Segment Start: Records for this exercise

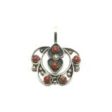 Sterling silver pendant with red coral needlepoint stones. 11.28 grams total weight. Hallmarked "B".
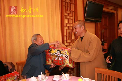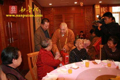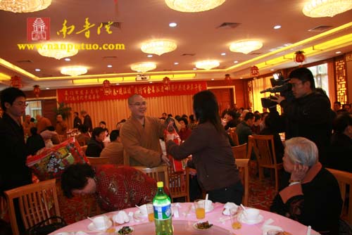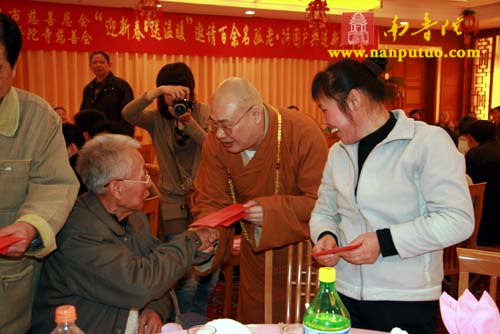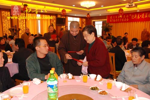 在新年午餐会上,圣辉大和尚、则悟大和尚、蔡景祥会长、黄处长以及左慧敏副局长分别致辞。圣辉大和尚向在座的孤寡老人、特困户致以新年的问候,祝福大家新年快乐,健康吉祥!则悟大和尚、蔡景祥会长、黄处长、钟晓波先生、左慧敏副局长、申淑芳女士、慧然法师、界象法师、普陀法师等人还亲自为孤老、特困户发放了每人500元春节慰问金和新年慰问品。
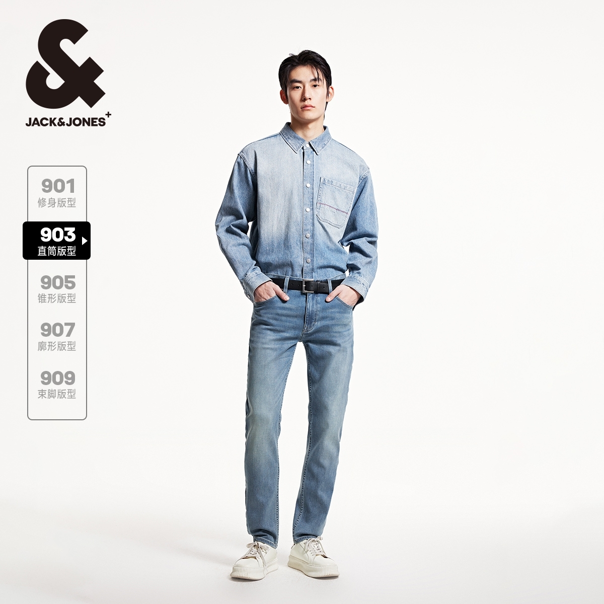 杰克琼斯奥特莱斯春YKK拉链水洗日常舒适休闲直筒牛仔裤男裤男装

Segment End: Records for this exercise
Segment Start: Records for this exercise

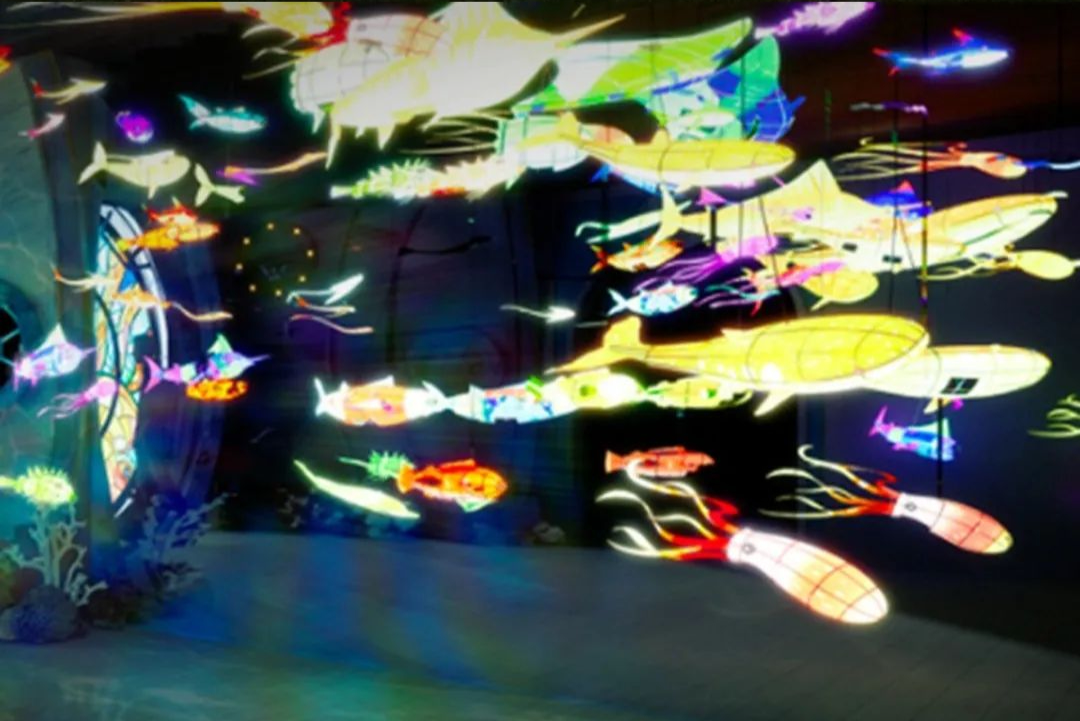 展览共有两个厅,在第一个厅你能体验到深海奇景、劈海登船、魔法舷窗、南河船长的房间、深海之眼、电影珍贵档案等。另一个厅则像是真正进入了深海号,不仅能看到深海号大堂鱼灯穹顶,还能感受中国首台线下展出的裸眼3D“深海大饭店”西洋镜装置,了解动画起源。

Segment End: Records for this exercise
Segment Start: Records for this exercise

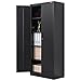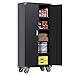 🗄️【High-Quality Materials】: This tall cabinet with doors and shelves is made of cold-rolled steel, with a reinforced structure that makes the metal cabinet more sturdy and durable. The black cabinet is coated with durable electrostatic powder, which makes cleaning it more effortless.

Segment End: Records for this exercise

> Required work
With the pictures removed from your copy, retype the lines above from the one that contains "Sterling silver pendant" through the one that contains "杰克琼斯奥特莱斯春YKK拉链水洗日常舒适休闲直筒牛仔裤男裤男装", exactly.

> Response to the task
 Sterling silver pendant with red coral needlepoint stones. 11.28 grams total weight. Hallmarked "B".
 在新年午餐会上,圣辉大和尚、则悟大和尚、蔡景祥会长、黄处长以及左慧敏副局长分别致辞。圣辉大和尚向在座的孤寡老人、特困户致以新年的问候,祝福大家新年快乐,健康吉祥!则悟大和尚、蔡景祥会长、黄处长、钟晓波先生、左慧敏副局长、申淑芳女士、慧然法师、界象法师、普陀法师等人还亲自为孤老、特困户发放了每人500元春节慰问金和新年慰问品。
 杰克琼斯奥特莱斯春YKK拉链水洗日常舒适休闲直筒牛仔裤男裤男装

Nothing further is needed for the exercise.